Blog Post

Is e-work the solution to the refugees employment crisis?

December 3, 2019

By Ahmad Sufian Bayram

3 min

Opportunities for refugees to work remotely are mostly centered around the tech sector. Most opportunities that are available are in e-commerce, programming, software and mobile app development, digital marketing, graphic design, translation, and data analysis. Refugees have also been employed remotely in nontechnical sectors such as online tutoring and translation. 

This type of job, which remains widely untapped, provides one more option and a positive advantage for young refugees who have just finished their studies and are looking for their first experience. It allows them to work as contractors or freelancers on a project basis. Online work provides flexibility and can introduce one to new clients from anywhere in the world, opening up new possibilities depending on the field of expertise.

In Lebanon and Jordan, Syrian refugees only have the right to work and acquire work permits in limited sectors (for example, agriculture and construction). In Turkey, while Syrian refugees are allowed to work in any sector, employment is restricted by a quota set by the government (one Syrian for every ten Turks). According to “An Examination of Remote Work for Refugees” report.

As a civil engineer, Samer, a 27-year-old Syrian refugee based in Beirut, Lebanon, faced significant challenges in finding a job, because Lebanese law only allows people in his position to work in three sectors: agriculture, construction, and the environment. Therefore, Samer taught himself how to do code and design to find jobs online. He is currently working as a contractor for a couple of companies based in Europe.

With the use of an internet network and a search engine, young refugees can take advantage of the many platforms available online. Creating your own PR is vital, but not necessary since what actually matters is the ability to meet the job requirements in a timely manner.

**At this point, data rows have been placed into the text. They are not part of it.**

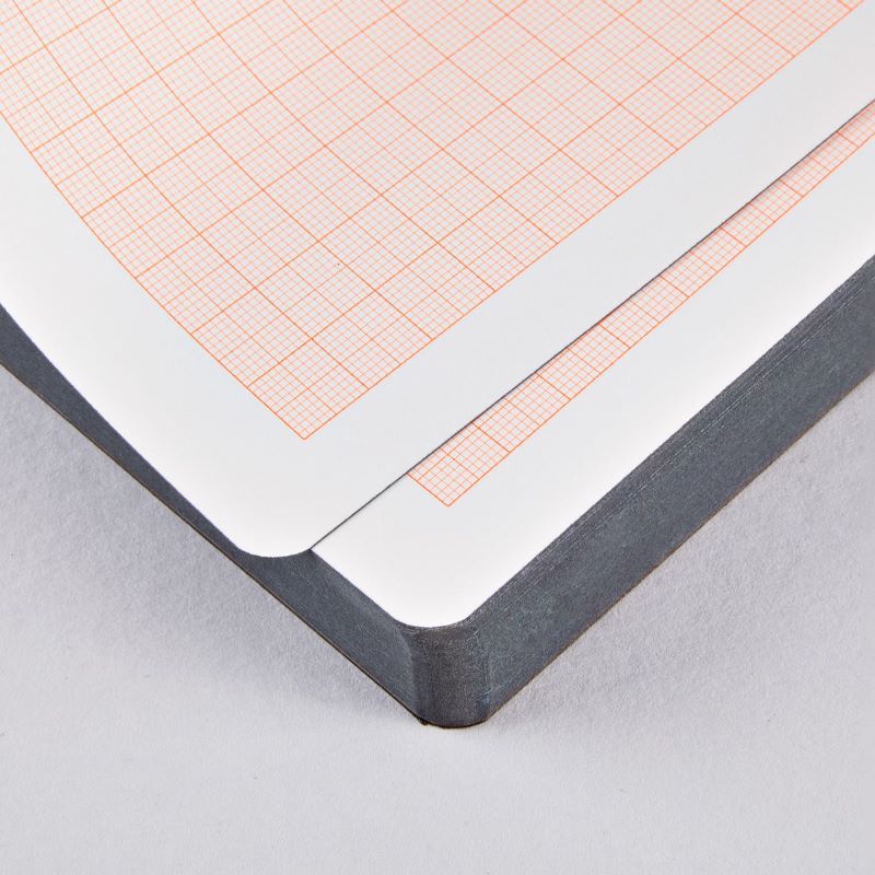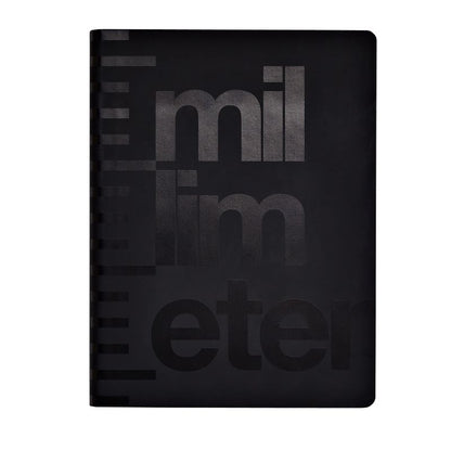 Que vous soyez architecte, ingénieur ou typographe, ce carnet muni de papier millimétré orange fluo est parfait pour tous ceux qui ne prennent pas les centimètres trop au sérieux. La sérigraphie brillante sur cuir recyclé noir mat rendra votre travail de précision aussi beau que possible.
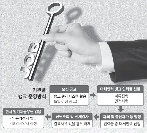 대체인력 뱅크가 구직자와 정부 부처에 좋은 결실을 안기고 있다. 육아휴직·출산휴가 등으로 결원될 직위에 대해 공백을 메워야 할 경우 미리 선발한 인력 중 한시임기제 공무원을 임용해 업무를 대행하도록 하는 제도다. 16일 인사혁신처에 따르면 2010~2013년 활용 실적은 국세청 1003명, 고용부 887명, 통계청 184명 등 39개 중앙행정기관에 모두 2847명이다.
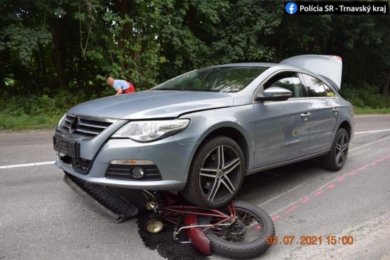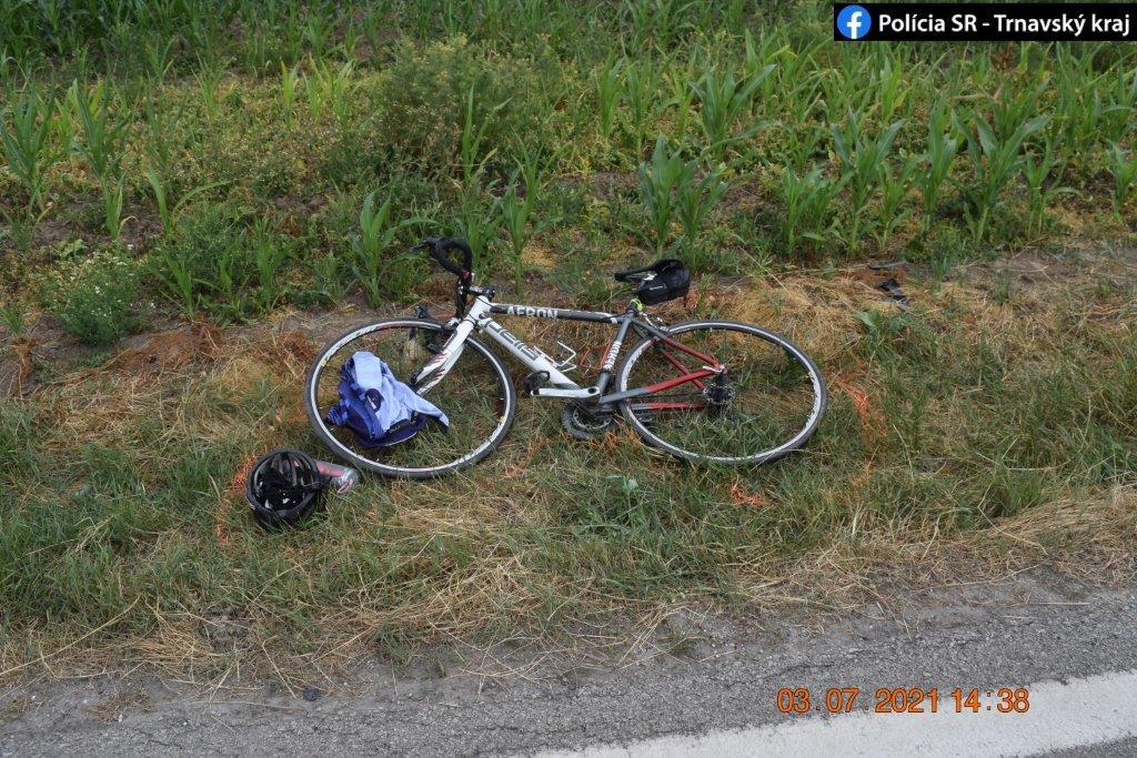 Na ceste medzi Trnavou a obcou Špačince zachytil 47 ročný vodič auta Citroën Berlingo spätným zrkadlom 30 ročnú cyklistku. Pri páde sa zranila a po prevoze záchranármi ju ošetrili v trnavskej nemocnici.
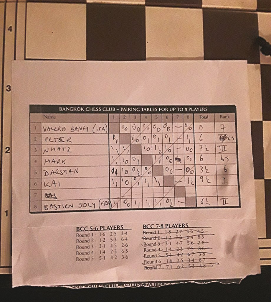 Been back in Thailand for over three months now I have. Meet every Friday upstairs in The Royal Oak pub, Sukhumvit 33/1 Bangkok Chess Club does.
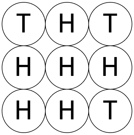 N2개의 동전이 N행 N열을 이루어 탁자 위에 놓여 있다. 그 중 일부는 앞면(H)이 위를 향하도록 놓여 있고, 나머지는 뒷면(T)이 위를 향하도록 놓여 있다. <그림 1>은 N이 3일 때의 예이다.
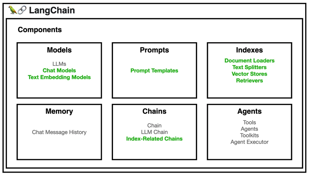 4. 索引(indexes) : 索引是连接知识与 LLM 的关键,可构建属于企业、场景、用户个人的专属知识库。主要包括文档加载、分割、向量化、检索,链中使用索引的常见方式是 “检索”,如 RAG 一般都会经过 “检索” 步骤,以获取与用户问题最接近的可靠知识信息。
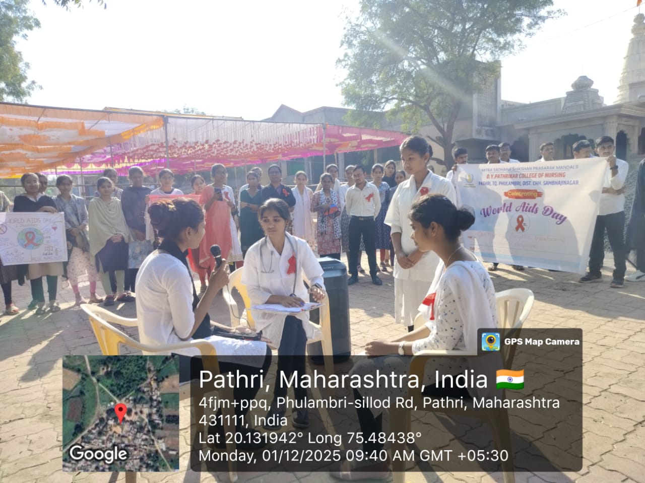 World AIDS Awareness Day was observed on 1st December by the nursing students of D.Y. Pathrikar college of Nursing, Pathri with the aim of creating awareness about HIV/AIDS among the rural population. The program began with a rally organized by the nursing students. Students carried placards and banners with meaningful slogans such as “Stop AIDS, Keep the Promise,” “Prevention is Better than Cure,” and “Say No to Discrimination.” The rally passed through the main streets of the village, attracting the attention of villagers and effectively spreading awareness.
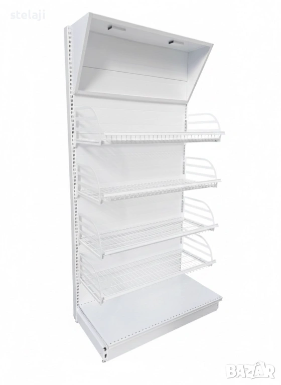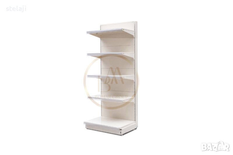 Професионален крайстенен стелаж с плътен гръб, идеален за всякакъв тип търговски обекти. Високо качество на изработка, голяма стабилност и чист бял цвят (RAL 9016).
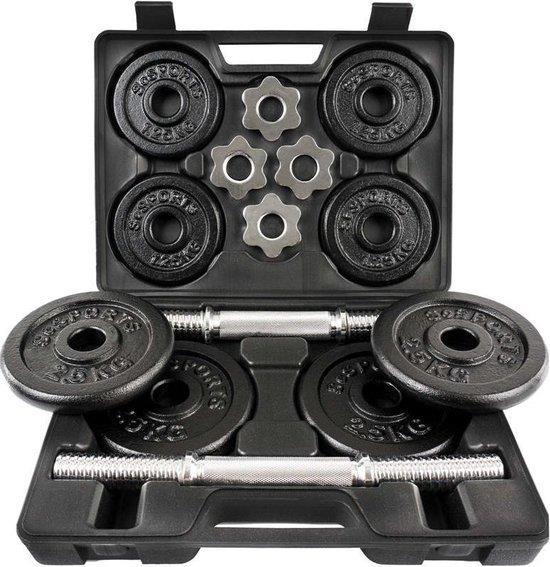 369 - 25 : 21 kg Halterset - Dumbbell Set met koffer - korte halterstangen - Gietijzer - Gewichten
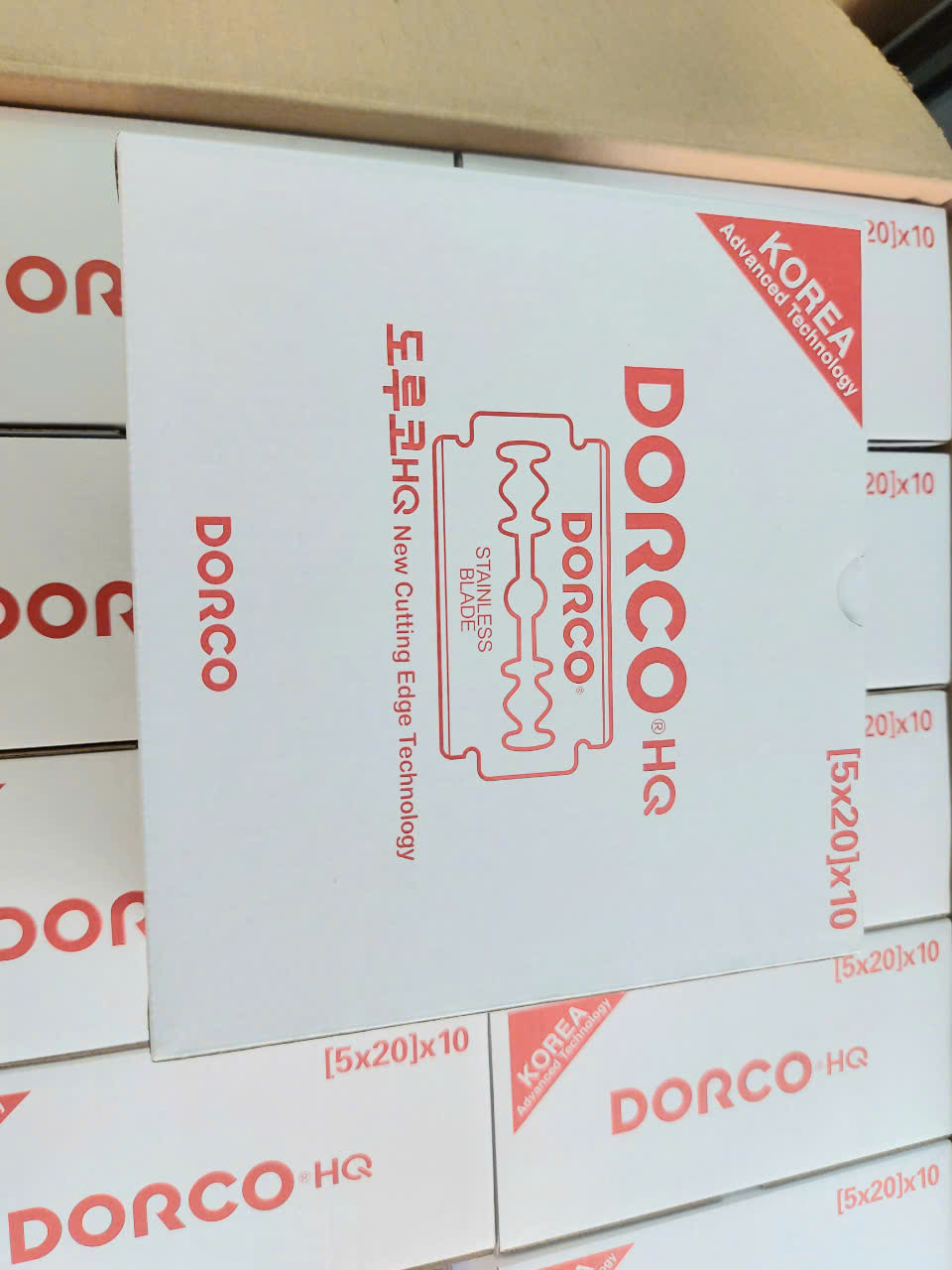 Vỉ 100 hộp lưỡi lam Dorco HQ màu đỏ ( Dao lam Dorco Đỏ) là sản phẩm lưỡi dao Dorco chính hãng Hàn Quốc Sản phẩm có độ mỏng lưỡi dao là 0.075mm giúp lưỡi dao tăng độ sắc bén. Lưỡi lam Dorco HQ màu đỏ đươc sản xuất bao phủ kim loại nhiều lớp gia tăng độ bền, chống lại sự ăn mòn, tạo cảm giác thoải mái cho người sử dụng. Cấu tạo lưỡi dao 4 lớp: Lớp ngoài cùng là lớp màng nhựa bôi trơn cực mỏng, lớp tứ 2 là lớp màng mỏng chống ăn mòn. Lớp tứ 3 là lớp màng gia tăng độ bền và lớp trong cùng là lớp thân lưỡi độ cứng cao. Công dụng trong nghành điện thoại dùng để cao film ,cắt film Ngoài ra rất được ưa chuộng trong làm đẹp : cạo mặt,cạo râu,cạo chân mày,,,

Online work remains a vague area in legislation. Online workers are not considered “workers” in the sense that they are subject to income taxation or are eligible for social insurance benefits. Thus, they fall into the “informal business” category. Some challenges, however, do exist, and can be categorized as follows:

Skills-related: Many refugees left school due to the war. Remote jobs usually require new and advanced skill sets stemming from previous experience or at least academic training. Those skills include coding, writing, translation, programming, and others. In addition, most of the work requires higher quality standards than the traditional business market.
Logistical: Access to electricity, computers, and high-speed internet. Such essential resources are not available to a significant number of refugees.
Payment: Payment is a particularly difficult issue, which can often single-handedly cause a job opportunity to be wasted. Receiving payments can often pose a challenge for refugees, especially those who do not have a bank account.

While studies on remote work are not new, there is very little research that examines its viability for refugees. Although, this sector can’t solve all of the refugee’s employment issues it makes a good contribution to support them access to jobs and income while also boosting the local economies.